Unique molecular features and cellular responses differentiate two populations of motor cortical Layer 5b neurons in a preclinical model of ALS.

A major paradox of neurodegenerative disorders such as amyotrophic lateral sclerosis (ALS) is that many genes linked to disease are ubiquitously expressed, yet only discrete subtypes of cells degenerate. Therapeutic advancement depends on understanding unique molecular responses of vulnerable cells in the context of disease-causing mutations. Here, we describe two bacTRAP lines, Gprin3 and Colgalt2, that label distinct populations of projection neurons in layer 5b (L5b) of motor cortex. We demonstrate that these cells can be distinguished not only by their anatomical features, but by their underlying molecular properties. In the SOD1*G93A preclinical ALS model, both populations showed molecular responses in common, but Gprin3 corticospinal population showed additional, unique responses in disease that may reflect their disease vulnerability since Gprin3 cells were lost during disease progression while Colgalt2 cells were spared.
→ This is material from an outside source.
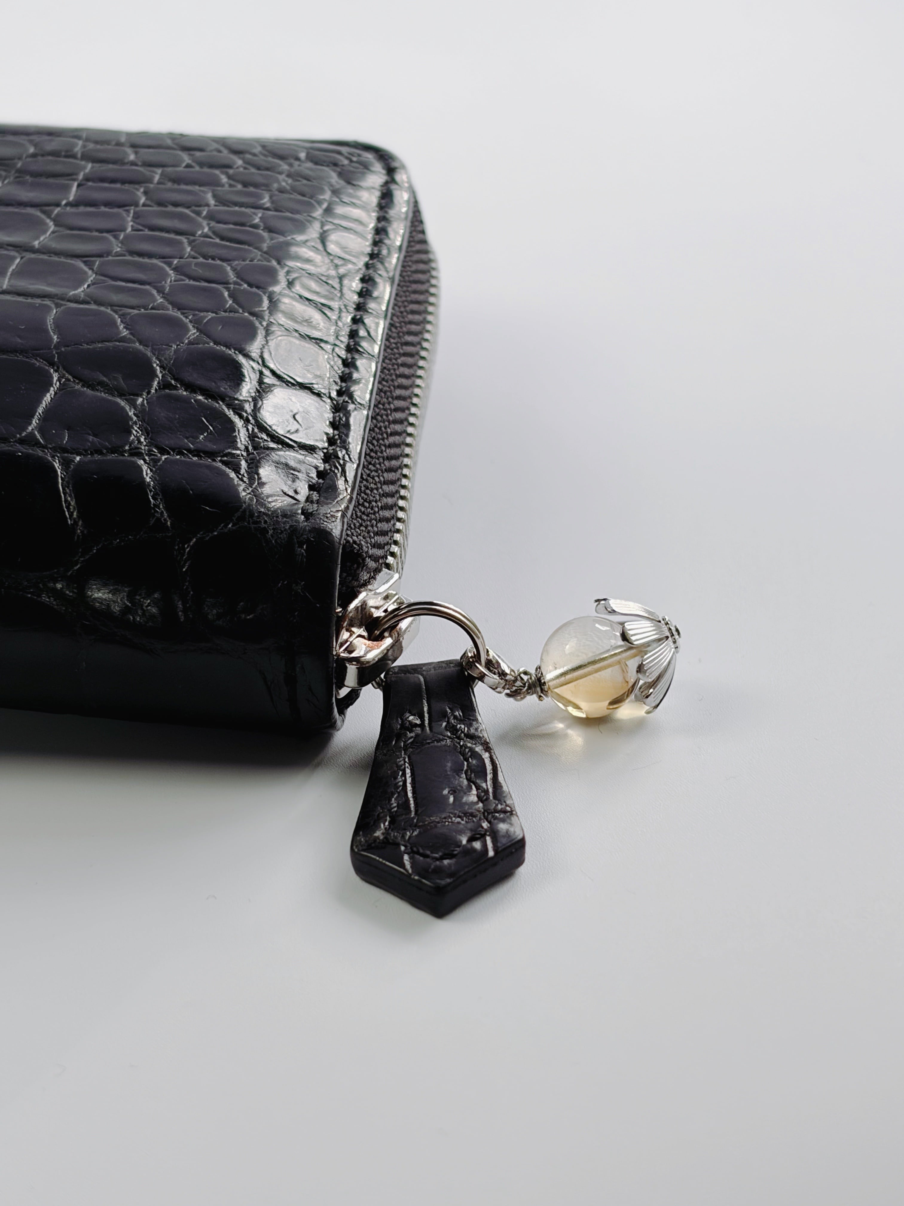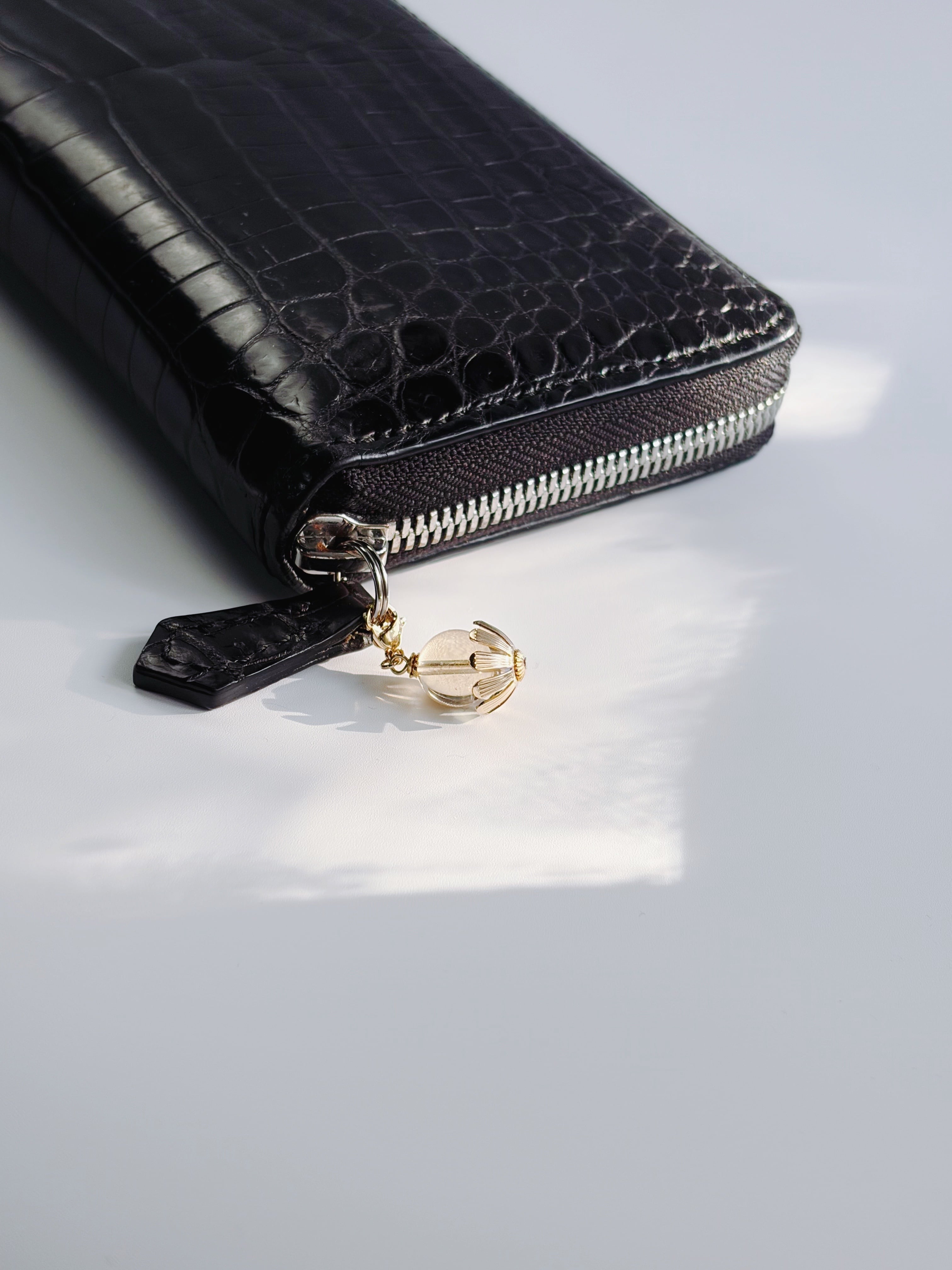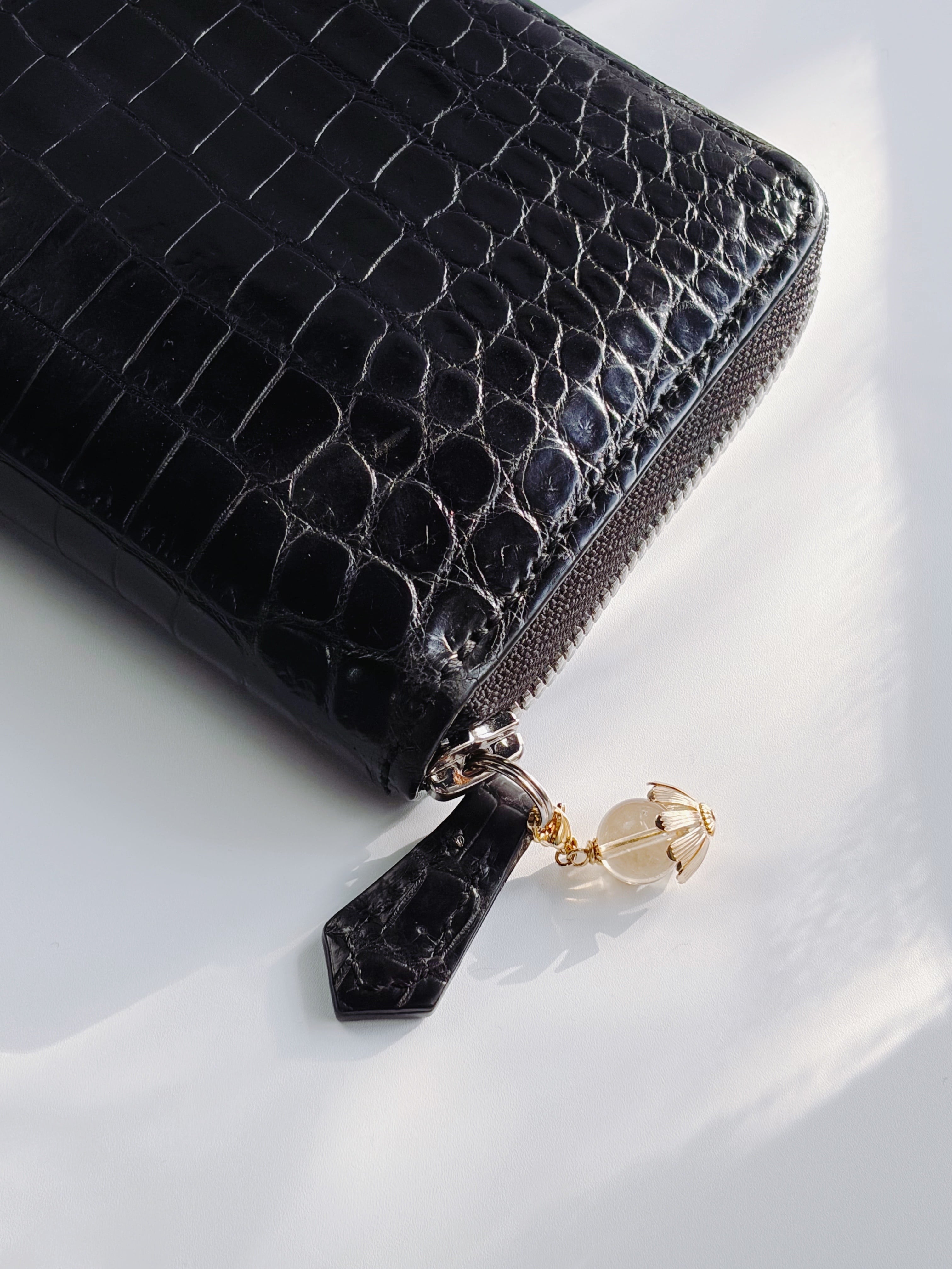 お財布を開くときはチャームではなく、ファスナー部分を引っ張り開けるようにお願いします。

These results tease apart molecular pathways that may contribute to ALS pathology and provide a framework for elucidating selective vulnerability. The translating ribosome affinity purification (TRAP) method was used to collect polysome-bound mRNAs were collected from two subpopulations of layer 5b pyramidal neurons using Gprin3-bacTRAP mice or Colgalt2-bacTRAP mice. TRAP IPs were compared to whole tissue mRNAs (input) or TRAP IP mRNAs were compared between cell types (Gprin3 and Colgalt2), or between transgenic ALS mice (SOD1*G93A) and wildtype littermates within each cell type (Gprin3 and Colgalt2). We collected 2-5 replicates for each experimental group.